Santanu Ghose, director, Business Critical Systems, HP India, spoke to us about the changing industry landscape, how HP is catering to the needs of large enterprises and SMBs, and the effects of the Oracle-HP lawsuit, in India.
Could you elaborate on the single unified architecture planned for x86 and Itanium processors?
IT has become the backbone for practically all businesses, be it small or large, or be it in the SMB, commercial or corporate segment. A lot of businesses that started with the x86 kind of environment--with Linux or Unix--are feeling the heat because they see that their applications cannot go down any further as their businesses are dependent on that. They are also seeing that their businesses are growing fast, and therefore, their IT systems should be scalable in order to grow with the business without choking. As the complexity of the handheld devices that access apps increases, the apps also need to respond faster and be highly available.
These are the challenges that some customers in the lower end of the segment--such as commercial SMB companies--are facing. Many high end large corporate customers have their mission-critical apps running on our HP UX platforms, HP OpenView platforms or the fault-tolerant NonStop Platform, and they have enjoyed very high availability and scalability and response times. But they are also seeing that IT costs are also an issue, and as their businesses are growing faster, a lot of their apps, which we call peripheral and support apps, are becoming critical. This is the dynamics of the market: While some of the organizations at the lower end of the market are going to the high end, some of the high end customers want their Linux and Windows apps to be supported the way mission-critical ones are.
What has HP done to address this need?
With this contrast between the needs of large enterprise customers and SMBs in mind, HP has looked at how Windows and Linux-based apps on x86 can be brought into the mission-critical portfolio. For the new generation of systems, we have designed x86-based servers with the same design concepts like the super dome and others as in the Integrity servers, and given them attributes and traits of a very high end system in terms of scalability, reliability, and uptime. The design concepts are same, but the processors could be different, depending on what apps are supported on them. The basic design philosophy, however, remains the same. This project is named 'Odyssey' and the underlying mission of this project is to encompass x86-based Linux and Windows-based apps into the domain of "mission-critical". So with that, we are extending the umbrella of mission-critical to x86 and Linux and Windows environment.

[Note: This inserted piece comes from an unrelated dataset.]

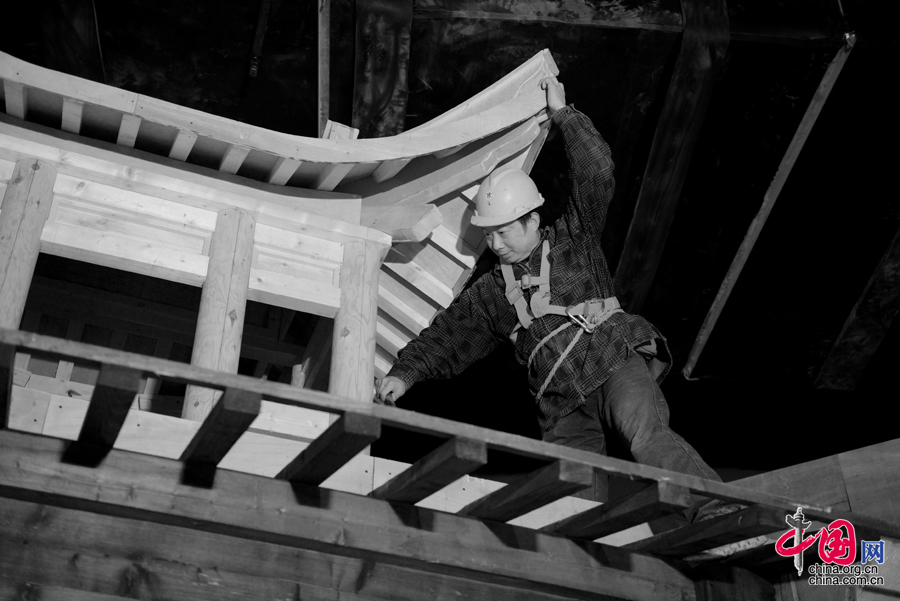 这是技艺高超额木工师傅在对古亭进行组装复原,工作严谨的他们力争将最好的亭楼展现在长春人民面前。中国建筑第六工程局 于秉伟摄影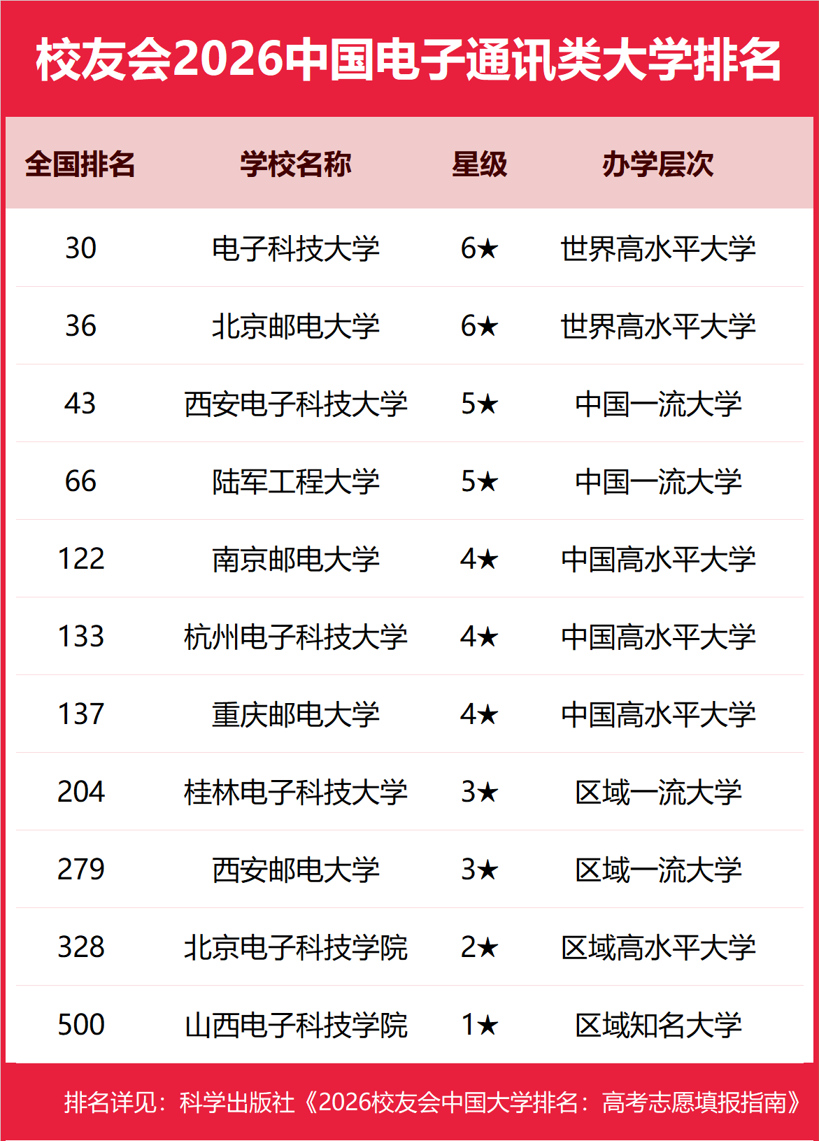 为了给2026年全国高考考生报考中国电子通讯类高校提供参考指南,2026年1月12日,全国第三方大学评价机构艾瑞深校友会网(Cuaa.net)撰写完成、科学出版社即将出版的《2026校友会中国大学排名:高考志愿填报指南》最新发布校友会2026中国电子通讯类大学排名。北京大学连续20年蝉联中国大学排名冠军,稳居霸主地位,问鼎2026中国大学排名榜首。清华大学第二,中国科学院大学和浙江大学并列第三,西湖大学、南方科技大学和上海科技大学挺进全国20强;福耀科技大学首次纳入中国大学排名,跻身全国50强。 科学出版社《2026校友会中国大学排名:高考志愿填报指南》 榜单显示,电子科技大学问鼎校友会2026中国电子通讯类大学排名首位,电子科技大学成都学院位列2026中国电子通讯类民办大学排名第一,石家庄信息工程职业学院问鼎2026中国电子通讯类高职院校排名冠军。 西交利物浦大学、宁波诺丁汉大学、香港中文大学(深圳)位列2026中国合作办学大学排名前三甲。武昌首义学院、三亚学院、西安欧亚学院、广州南方学院位列2026中国民办大学排名首位。深圳职业技术大学、海南科技职业大学、河北科技工程职业技术大学雄居2026中国职业技术大学排名前三甲。江西应用技术职业学院、合肥职业技术学院、浙江金融职业学院位列2026中国高职院校排名榜首。 校友会2026中国大学排名评价指标体系 电子科技大学雄居2026中国电子通讯类大学排名第一,南京邮电大学挺进前10强 在最新校友会2026中国大学排名中,电子科技大学全国排名第30名,雄居2026中国电子通讯类大学排名第一。北京邮电大学第2,西安电子科技大学第3。名列前10强的其他高校为陆军工程大学、南京邮电大学、杭州电子科技大学、重庆邮电大学、桂林电子科技大学、西安邮电大学、北京电子科技学院。 电子科技大学成都学院雄居2026中国电子通讯类民办大学排名第一,长春电子科技学院第2 在校友会2026中国民办大学排名中,电子科技大学成都学院全国排名第10名,雄居2026中国电子通讯类民办大学排名第一。长春电子科技学院第2,北京邮电大学世纪学院居第3。名列前10强的其他民办高校为南京邮电大学通达学院、安徽信息工程学院、安徽文达信息工程学院、桂林信息科技学院、天津理工大学中环信息学院、晋中信息学院、杭州电子科技大学信息工程学院。 石家庄信息工程职业学院雄居2026中国电子通讯类高职院校排名第一,天津电子信息职业技术学院跻身前3强 在校友会2026中国高职院校排名中,石家庄信息工程职业学院全国排名第37名,雄居2026中国电子通讯类高职院校排名第一。天津电子信息职业技术学院第2,上海电子信息职业技术学院第3。名列前10强的其他高职院校为重庆电讯职业学院、吉林电子信息职业技术学院、湖南电子科技职业学院、江苏电子信息职业学院、贵州电子信息职业技术学院、安徽电子信息职业技术学院、内蒙古电子信息职业技术学院。 |

Could it be said that you are opting for this modularity scheme because of the waning popularity of Itanium processors?
There will be no decline of customers for these processors. I have not seen any customer going away from Itanium; they stick to it. You might probably be referring to the revenue for the Unix systems or the Risc/Epic category may have come down. But the reason for that is completely different: Every year, the Unix and the Risc/Epic category systems deliver a system that is more efficient than those of the previous years--they become 2 or 3x more efficient in terms of price performance. So customers are doing more with less money. They are spending less money, but are able to scale up and meet their business requirements. This is more of a contribution from technology than anything else. That is why you see a revenue decrease for Unix, but it does not mean that the customers are going away. Some of the mission-critical apps which were used at the customers' side are very much there. Also, some of the lower end segment customers are aspiring to get (their systems) to the mission-critical environment.
There are some customers in Europe who moved away from HP's Itanium processors due to the Oracle-HP dispute. Did this dispute have a similar effect on the Indian market?
We were not affected In india at all. Customers who had their mission-critical apps running on the Integrity platform, with HP UX, continued to support us, and there were no instances of customers moving away to a different platform because of this issue. Rather, the customers In india stood by us.
So I think in many ways, we won the first part of the lawsuit with the court's giving a diktat that Oracle will have to continue supporting HP. In many ways, this was influenced by customer feedback. Oracle finally accepted that and have now started supporting the Itanium platform for all their range of apps as well.Has the Oracle-HP lawsuit had any kind of effect on HP's brand perception in India?
The only thing that happened in India was that the customers started saying they would wait and see (the courts verdict) before they invest (in Itanium). So, while the new Itanium investments slowed down a little, that has also turned around slowly now. Q4 was a very good quarter for Itanium.As far as the Indian market is concerned, which of your business-critical solutions/products are faring the best?
We are seeing the rate of blade adoption going up very high. This is because blades offer a number of advantages such as better efficiency in terms of (floor space) footprint in India. This is important, given how floor space is at a premium in India and forms a big chunk of IT costs.
The second efficacy of the blade is on the power and cooling management front. You can very quickly distribute workloads because they don't have a backplane. These are some reasons for the increased adoption of Blade Integrity products in the market. This is fast becoming our flagship product.